Я разгорячилась и потому опешила, услышав спокойный ответ:
— Не верю, разумеется, но это еще не значит, что несу бред. Мало ли, что я чувствую? Надо придерживаться логики, а не эмоций.
Взяв себя в руки, я сообщила:
— А если логики, так самым подозрительным мне кажется Леша.
— И почему?
— Не знаю. Он какой-то… не такой, что ли? Другой, понимаешь? Человек с Марса. Возможно, у него и мораль другая. Убить для него — не преступление.
— И это все? — немного подождав, уточнила моя подруга.
— Да.
— И где тут логика, хотелось бы знать? Логика подразумевает хоть какие-то мотивировки. «Человек с Марса» — это у него на лбу, что ли, написано? Или ты хоть чем-то способна свой диагноз подтвердить?
— Да всем! Это просто сквозит в каждом его слове, во всех поступках.
— А конкретнее? Или тебя просто настолько раздражают его ухаживания, что ты рада обвинить человека во всех смертным грехах?
— Ну, — заметила я, — теперь он ухаживает за Ирочкой.
— Вот именно! Влюблен в тебя, а гуляет с Ирочкой. Хотя, если уж на то пошло, прошел-то всего один день. Он что, полагал, ты в первый же день ляжешь с ним в постель? Мог бы поухаживать хотя бы с недельку. Ненавижу подобных мужиков! Но это еще не значит, что он убийца. Какие у него могут быть тайны? Марсианское происхождение?
— Вот если б его убили, — неожиданно вырвалось у меня, — я бы утверждала, что это Арсений.
— Если ты про Ирочку, то ему все абсолютно безразлично. Ты видела, как он с ней обращается? Женился ради смазливого личика, а теперь очнулся и сам не рад. Наверняка ищет повод для развода.
Я удивилась:
— Ну и что, что обращается! Все равно он очень переживает. Я как его вижу, у меня аж в душе все переворачивается от жалости. Мне кажется, он очень Ирочку любит. И она его любит, а вовсе не Лешу, а к Леше пристает, чтобы вызвать ревность. Только она это зря, у Арсения не тот характер, чтобы это правильно подействовало. Он не боец, он меланхолик. По крайней мере, интроверт, а не экстраверт.
— Все-таки ты фантазерка! Все у тебя такие чувствительные и романтичные. А на самом деле все обычно просто. Мужиков интересуют деньги и власть. Первым делом, как известно, у них самолеты, ну, а девушки идут потом. А вот бабы, конечно, бывают дуры. Света, например. Но она на Петра Михайловича не претендовала, так зачем ей его убивать? А Лида претендовала, но она умная. Ну, сбежал он от нее, не остался на ночь. Так что, она побежит следом с ножом, дабы отомстить? Не верю. Она слишком практична. Что касается Ирочки, Леша подходит ей как нельзя лучше, и она, не будь дурой, это поняла. Обожглась на Арсении, прельстившись умными разговорами, а теперь стала рубить сук по себе. Жениться он, разумеется, не женится, но гуляют подобные типы всегда именно с такими девицами, и им вместе хорошо.

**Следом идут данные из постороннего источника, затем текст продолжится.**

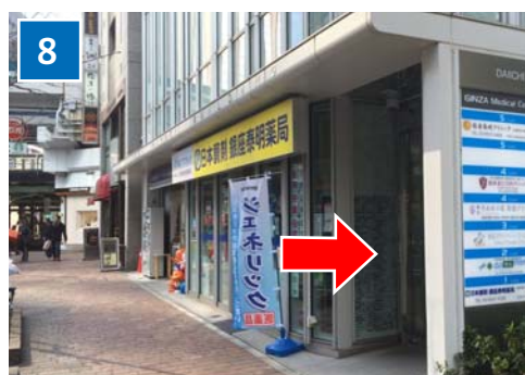
第一御幸ビル1階 日本調剤の右通路を直進し、 奥のエレベーターで3階もしくは2階の受付へ お越し下さい。

— Слушай, — начала я считать по пальцам, — двое кавказцев, Митя, Леша с Русланом — это пять. Юрий Андреевич с Вадиком, Арсений с Ирочкой, Света с Ларисой, Лида и Андрей — это тринадцать. Плюс мы с тобой — пятнадцать. Где шестнадцатый?
— Максим, — удивленно пояснила Бэби. — Ты его забыла.
— Так он же ребенок! Ты что?
— Ну и что, что ребенок. У него такой возраст и такой характер — убьет, не поморщившись. Вон, голубю ноги связал.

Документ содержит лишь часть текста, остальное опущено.